PROVIDED MATERIAL =>
=== Section Start ===
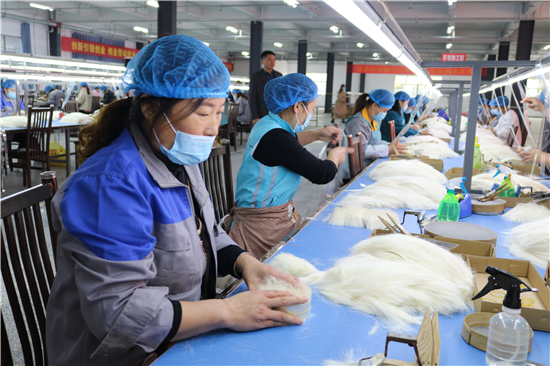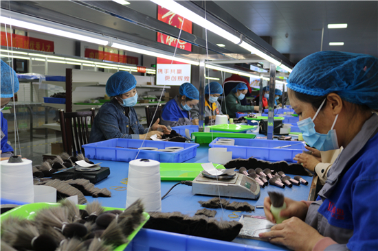 “從簡單的梳羊毛到如今做高檔化妝刷,從產業(yè)鏈的末端做到頂端,從養(yǎng)家糊口到賺外匯,經過多年的滾動發(fā)展,鹿邑縣硬是把尾毛化妝刷這種‘小手藝’做成了助推縣域經濟高質量發(fā)展的‘大產業(yè)’。目前,全縣大大小小的化妝刷企業(yè)達1000多家,尾毛出口總量占全國化妝刷原毛出口的80%,年產羊毛3000多噸、尼龍毛9000多噸,生產各類化妝刷1.5億套,產品遠銷20多個國家和地區(qū)。另外,作為尾毛的衍生產業(yè),羊毛衫加工產業(yè)近幾年的異軍突起,更是激活了全縣創(chuàng)業(yè)就業(yè)的一池春水。統(tǒng)計數字顯示,近幾年,鹿邑縣持續(xù)圍繞尾毛化妝刷特色產業(yè),強鏈延鏈補鏈,開展精準招商,化妝刷及配套企業(yè)已發(fā)展到135家,實現產值50多億元,出口創(chuàng)匯21億;羊毛衫紡織企業(yè)發(fā)展到54家,有電腦織機6500臺,年產各類針織服裝6000萬件,使鹿邑成為河南省最大的化妝刷生產基地、羊毛衫加工基地,帶動全縣7.5萬人創(chuàng)業(yè)就業(yè)。
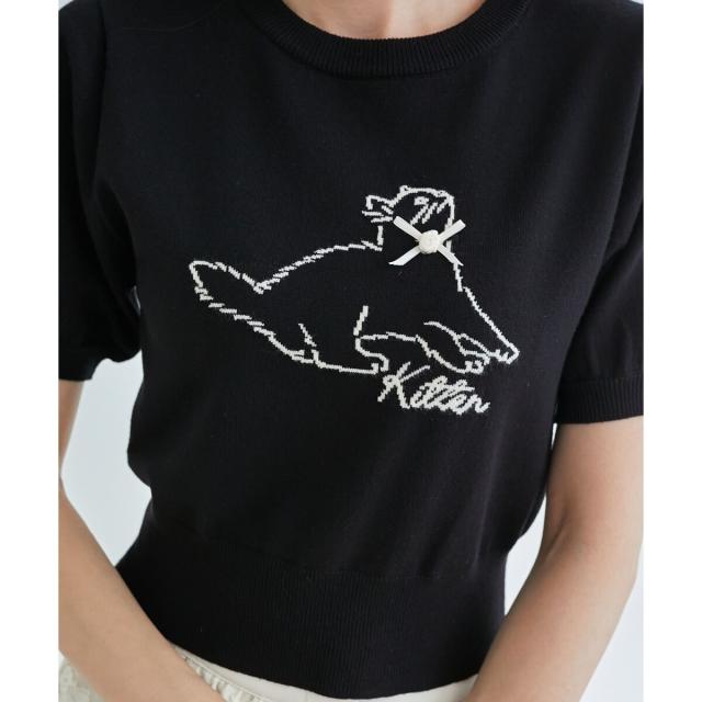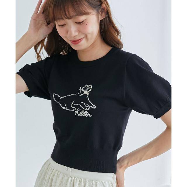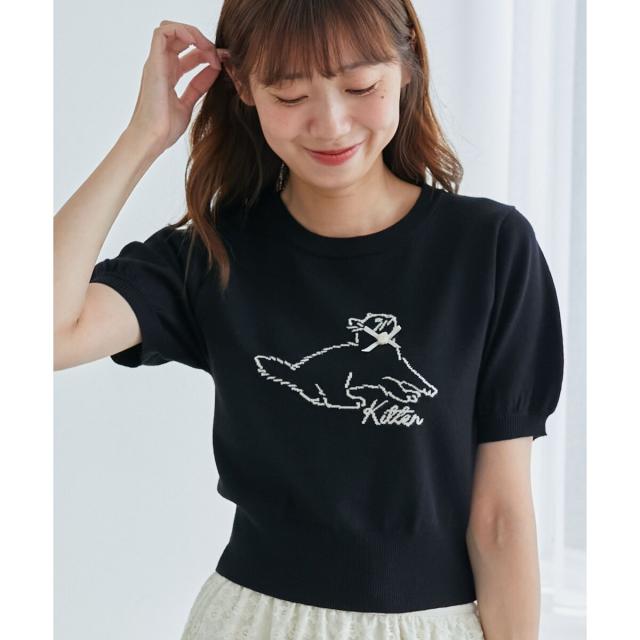 キャットジャカード半袖ニット
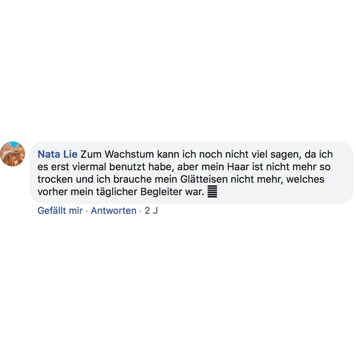 Die Wirkstoffe Sojaprotein, Vitamin B6, Keratin, Eierschalenextrakt und Chitin nähren die Haarfollikel, fördern das Haarwachstum, verbessern die natürliche Glätte und das natürliche Volumen und helfen, Spliss zu vermeiden.
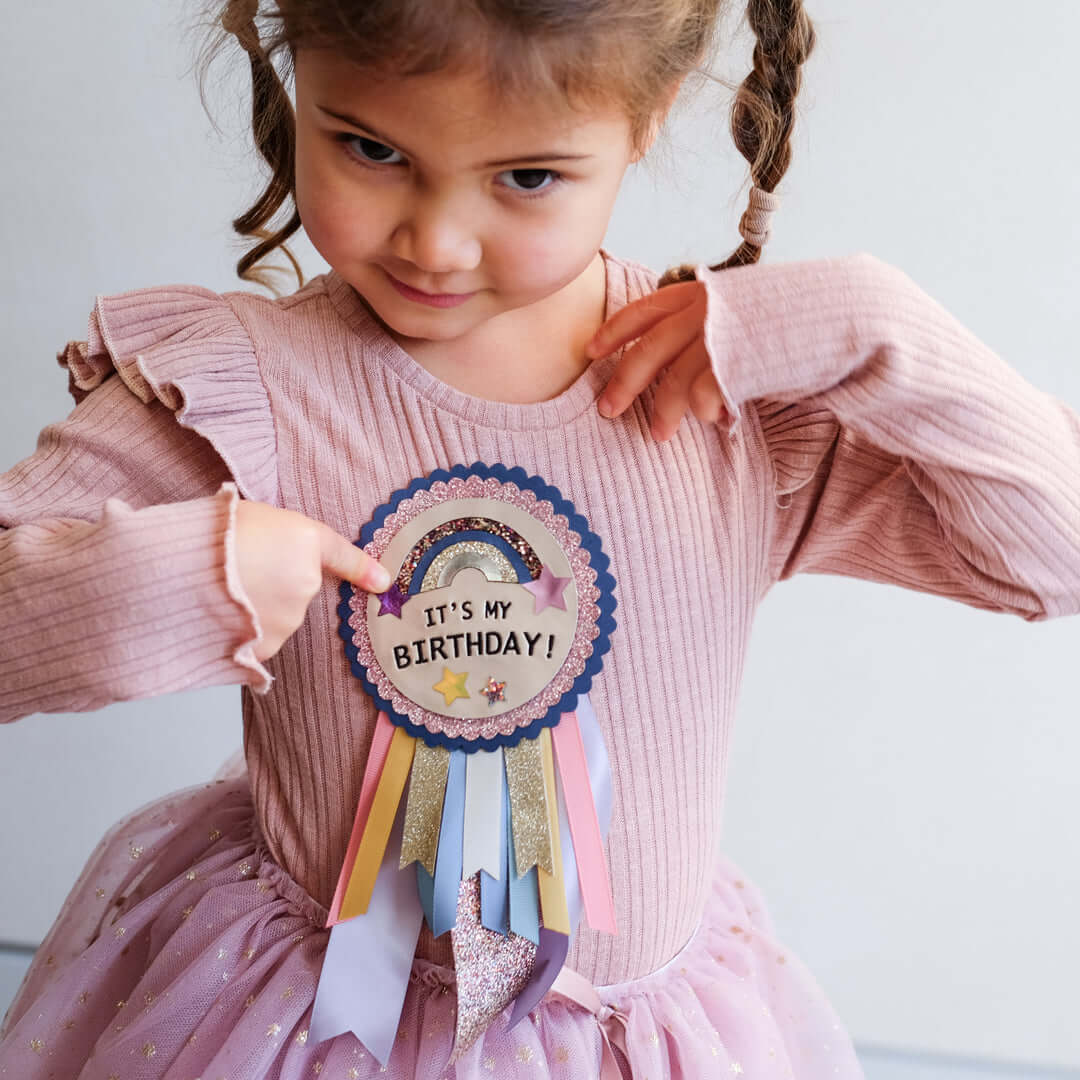 כולל קשת אפליקציה נוצצת ומככבת על שכבות של נצנצים מסולסלים ובד עור מתכתי
=== Section End ===
ABOUT THIS EXERCISE => In your copy of the listing above, every line must match exactly and no picture may appear.

RESULT OF THE TASK =>
 “從簡單的梳羊毛到如今做高檔化妝刷,從產業(yè)鏈的末端做到頂端,從養(yǎng)家糊口到賺外匯,經過多年的滾動發(fā)展,鹿邑縣硬是把尾毛化妝刷這種‘小手藝’做成了助推縣域經濟高質量發(fā)展的‘大產業(yè)’。目前,全縣大大小小的化妝刷企業(yè)達1000多家,尾毛出口總量占全國化妝刷原毛出口的80%,年產羊毛3000多噸、尼龍毛9000多噸,生產各類化妝刷1.5億套,產品遠銷20多個國家和地區(qū)。另外,作為尾毛的衍生產業(yè),羊毛衫加工產業(yè)近幾年的異軍突起,更是激活了全縣創(chuàng)業(yè)就業(yè)的一池春水。統(tǒng)計數字顯示,近幾年,鹿邑縣持續(xù)圍繞尾毛化妝刷特色產業(yè),強鏈延鏈補鏈,開展精準招商,化妝刷及配套企業(yè)已發(fā)展到135家,實現產值50多億元,出口創(chuàng)匯21億;羊毛衫紡織企業(yè)發(fā)展到54家,有電腦織機6500臺,年產各類針織服裝6000萬件,使鹿邑成為河南省最大的化妝刷生產基地、羊毛衫加工基地,帶動全縣7.5萬人創(chuàng)業(yè)就業(yè)。
 キャットジャカード半袖ニット
 Die Wirkstoffe Sojaprotein, Vitamin B6, Keratin, Eierschalenextrakt und Chitin nähren die Haarfollikel, fördern das Haarwachstum, verbessern die natürliche Glätte und das natürliche Volumen und helfen, Spliss zu vermeiden.
 כולל קשת אפליקציה נוצצת ומככבת על שכבות של נצנצים מסולסלים ובד עור מתכתי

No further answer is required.